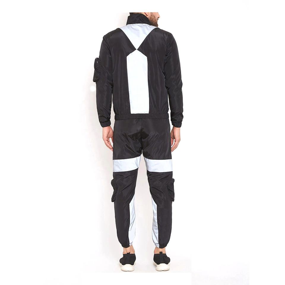 Survêtement combiné léger à vêtements de fitness en patchwork de couleurs contrastées pour hommes avec poches baggy à l'avant Panneaux réfléchissants
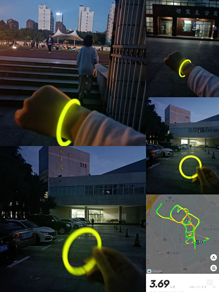 夜跑活动共设立了七处打卡点,参与者只需在其中任意四处进行拍照打卡即可完成。活动没有形式限制,快跑、慢跑皆可,伴随一声开跑口令,参与者们戴着荧光眼镜、荧光发卡,手中挥舞着各色荧光棒,一场与青春同行的荧光夜跑就此开始。随着同学们的脚步,校园里逐渐亮起了点点荧光,校园被装点成一个星光闪耀的欢乐海洋,涌动的人群在校园内形成了一道道亮丽的风景线。在终点处,工作人员还为完成跑步的同学们准备了学院的专属吉祥物贴纸和书签。
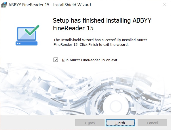 Instalarea ABBYY FineReader 15 se face după descărcarea versiunii Trial de pe site-ul oficial ABBYY. Pașii ulteriori sunt similari cu cei ce trebuie parcurși la instalarea majorității programelor software pentru Windows.
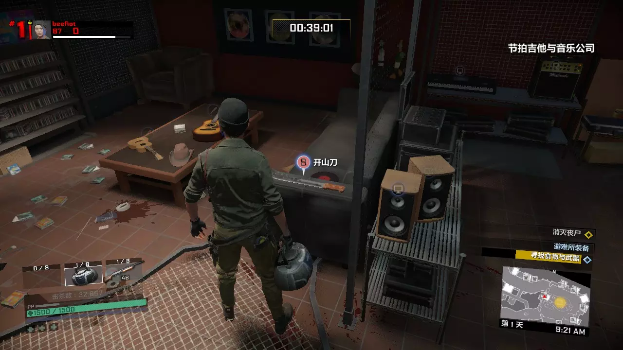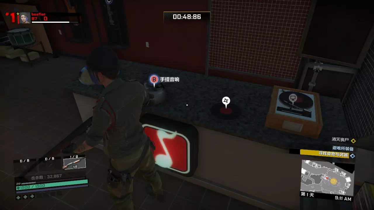 避难所内准备时间,首先捡起手提音响和桌子上的药。
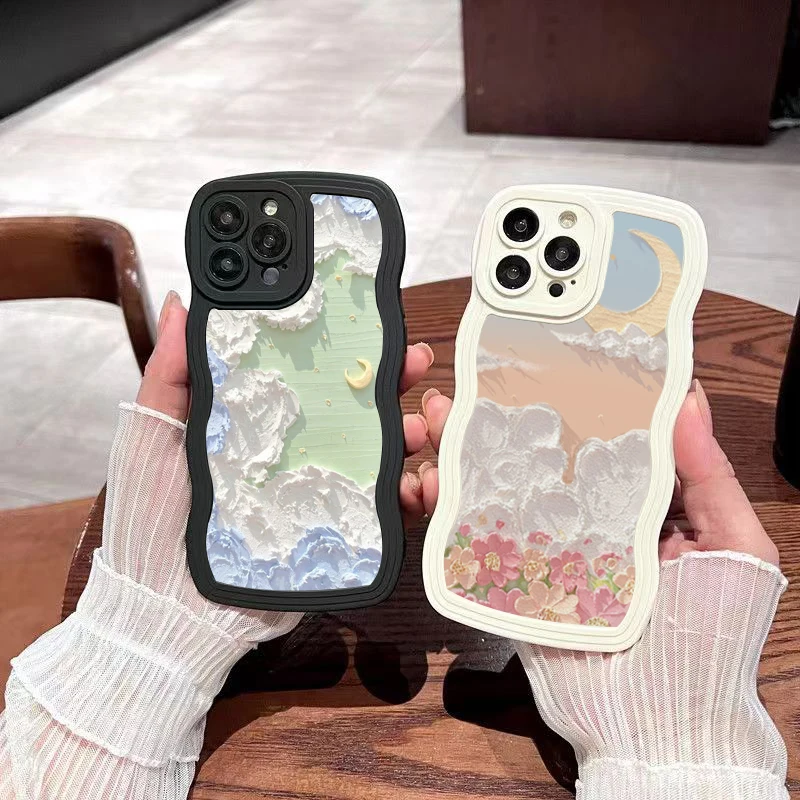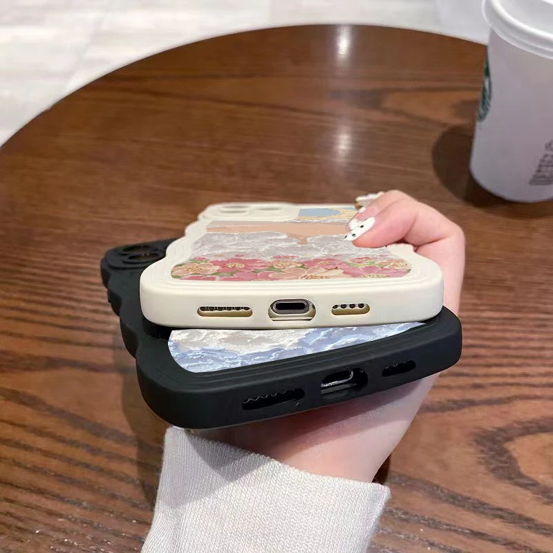 Funda de teléfono ondulada con patrón de flores 3D de lujo para iPhone 14 13 12 11 Pro Max X XR XS Max 7 8 14 Plus, parachoques de cubierta suave de Color sólido
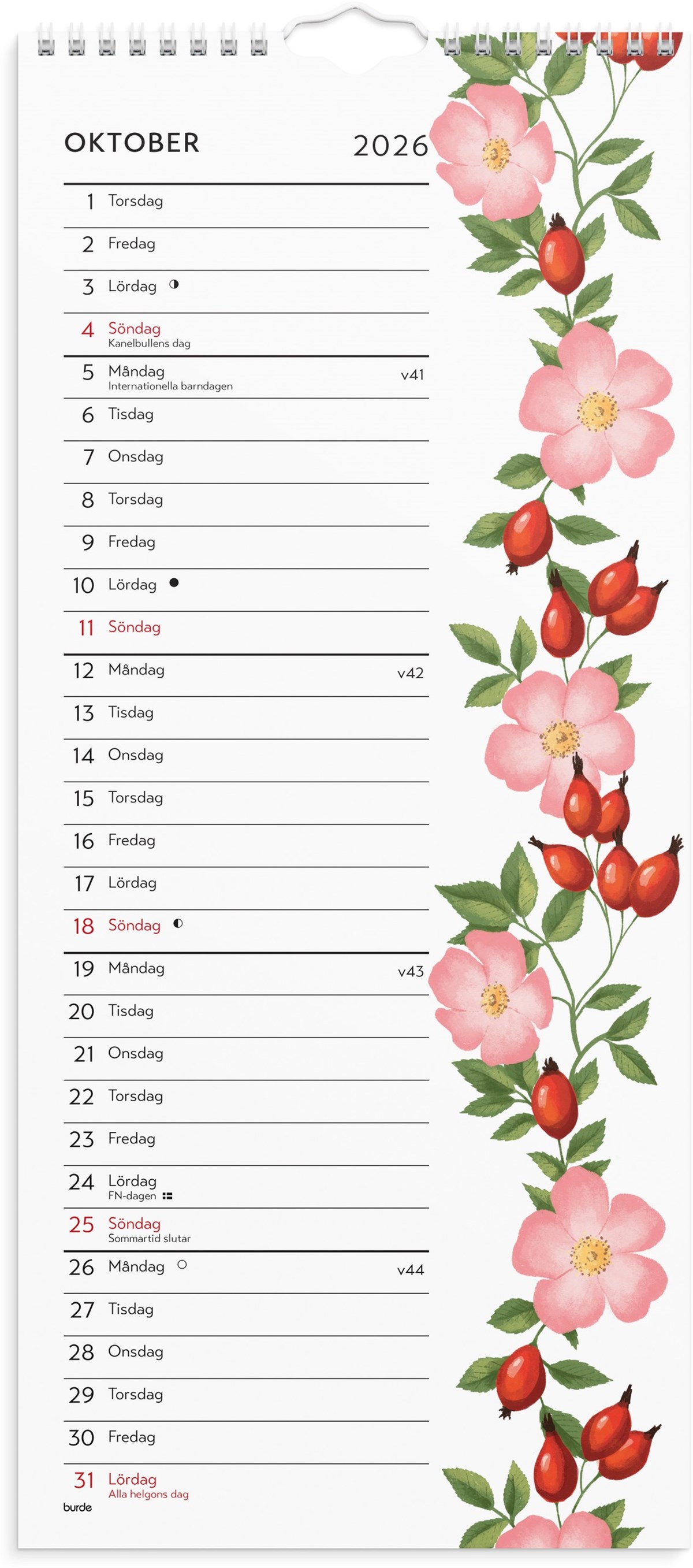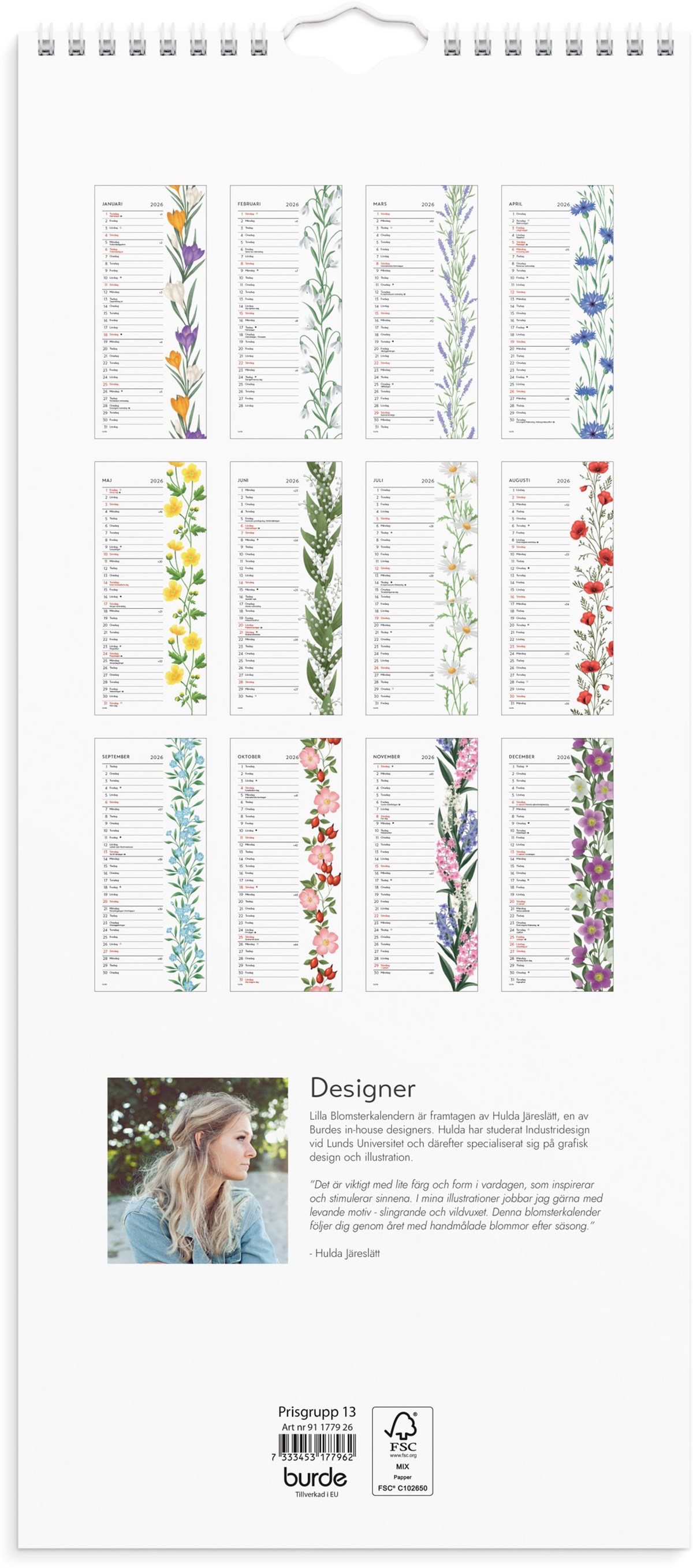 Format: 190x430 mm. Layout: Månad/blad. Kalendarium: 2026-01-01 - 2026-12-31. Spiralbunden. Innehåll: Flaggdagar, Helgdagar/aftnar, Månfaser, Namnsdagsregister, Temadagar/händelser. Antal sidor: 12. Miljöinformation: FSC®.

==========

* TASK GOAL:
Using the records above, output their complete text exactly, minus any images.

* WORKED SOLUTION:
 Survêtement combiné léger à vêtements de fitness en patchwork de couleurs contrastées pour hommes avec poches baggy à l'avant Panneaux réfléchissants
 夜跑活动共设立了七处打卡点,参与者只需在其中任意四处进行拍照打卡即可完成。活动没有形式限制,快跑、慢跑皆可,伴随一声开跑口令,参与者们戴着荧光眼镜、荧光发卡,手中挥舞着各色荧光棒,一场与青春同行的荧光夜跑就此开始。随着同学们的脚步,校园里逐渐亮起了点点荧光,校园被装点成一个星光闪耀的欢乐海洋,涌动的人群在校园内形成了一道道亮丽的风景线。在终点处,工作人员还为完成跑步的同学们准备了学院的专属吉祥物贴纸和书签。
 Instalarea ABBYY FineReader 15 se face după descărcarea versiunii Trial de pe site-ul oficial ABBYY. Pașii ulteriori sunt similari cu cei ce trebuie parcurși la instalarea majorității programelor software pentru Windows.
 避难所内准备时间,首先捡起手提音响和桌子上的药。
 Funda de teléfono ondulada con patrón de flores 3D de lujo para iPhone 14 13 12 11 Pro Max X XR XS Max 7 8 14 Plus, parachoques de cubierta suave de Color sólido
 Format: 190x430 mm. Layout: Månad/blad. Kalendarium: 2026-01-01 - 2026-12-31. Spiralbunden. Innehåll: Flaggdagar, Helgdagar/aftnar, Månfaser, Namnsdagsregister, Temadagar/händelser. Antal sidor: 12. Miljöinformation: FSC®.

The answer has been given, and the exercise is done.